2001 Scores

Status: Not Free
Freedom Rating: 7.0
Civil Liberties: 7
Political Rights: 7

Overview

Ten years after it nullified a landslide opposition victory in free elections, Burma's ruling junta continued in 2000 to crack down on and marginalize the democratic opposition, flout international human rights norms, and sanction the large-scale production and trafficking of illicit narcotics.

Burma achieved independence from Great Britain in 1948, following the Japanese occupation in World War II. The army overthrew an elected government in 1962 amid an economic crisis and several ethnic-based insurgencies. During the next 26 years General Ne Win's military rule helped impoverish what had been one of Southeast Asia's richest countries.

The present junta has been in power since the summer of 1988, when the army opened fire on peaceful, student-led pro-democracy demonstrations, killing an estimated 3,000 people. After suppressing the protests, army commanders General Saw Maung and Brigadier General Khin Nyunt created the State Law and Order Restoration Council (SLORC) to rule the country. In 1990, the opposition National League for Democracy (NLD) won 392 of the 485 parliamentary seats in Burma's first free elections in three decades. The SLORC refused to cede power and jailed hundreds of NLD members.

The SLORC reconstituted itself as the State Peace and Development Council in November 1997. The relatively young generals who took charge sidelined more senior officers and removed some of the more blatantly corrupt cabinet ministers. The junta appeared to be trying to improve its international image, attract foreign investment, and encourage an end to United States-led sanctions. Since then, the regime has sentenced hundreds of peaceful pro-democracy activists to lengthy jail terms, forced thousands of NLD members to resign from the party, and periodically detained dozens of NLD activists, particularly in advance of planned demonstrations.

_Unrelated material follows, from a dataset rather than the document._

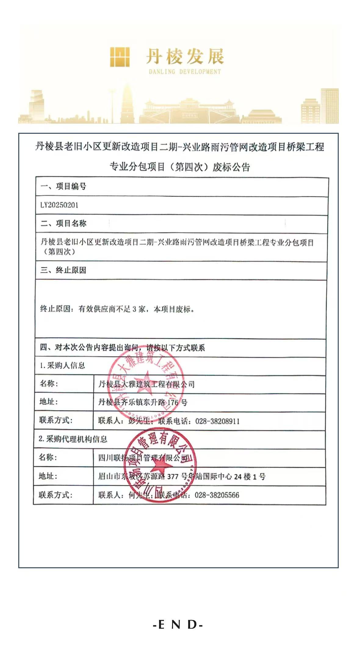 丹棱縣老舊小區(qū)更新改造項目二期-興業(yè)路雨污管網(wǎng)改造項目橋梁工程專業(yè)分包項目(第四次)廢標公告

In one of the largest single crackdowns in 2000, authorities arrested more than 100 NLD members and at least two dozen monks in the weeks leading to the tenth anniversary of the 1990 elections. The government also twice prevented NLD leader Aung San Suu Kyi and other party members from traveling outside Rangoon, and in late September placed Suu Kyi and nine other senior NLD members under effective house arrest. The regime had held Suu Kyi under house arrest between 1989 and 1995, and it continues to reject the 1992 Nobel laureate's call for a dialogue on democratic reform.

The ethnic minorities that constitute more than one-third of Burma's population have been fighting for autonomy from the Burman-dominated central government since the late 1940s. Since 1989, the regime has co-opted some 17 ethnic rebel armies with ceasefire deals that allow them to maintain their weapons and territory. With the junta's support, many former rebel groups have become major heroin traffickers. The Far Eastern Economic Review reported in April that one of these ex-rebel groups, the United Wa State Army, has 20,000 to 30,000 soldiers and controls most of the drug-producing areas in the Golden Triangle. Rangoon has also angered Bangkok by tolerating the widespread trafficking of illicit methamphetamines from Burma to Thailand.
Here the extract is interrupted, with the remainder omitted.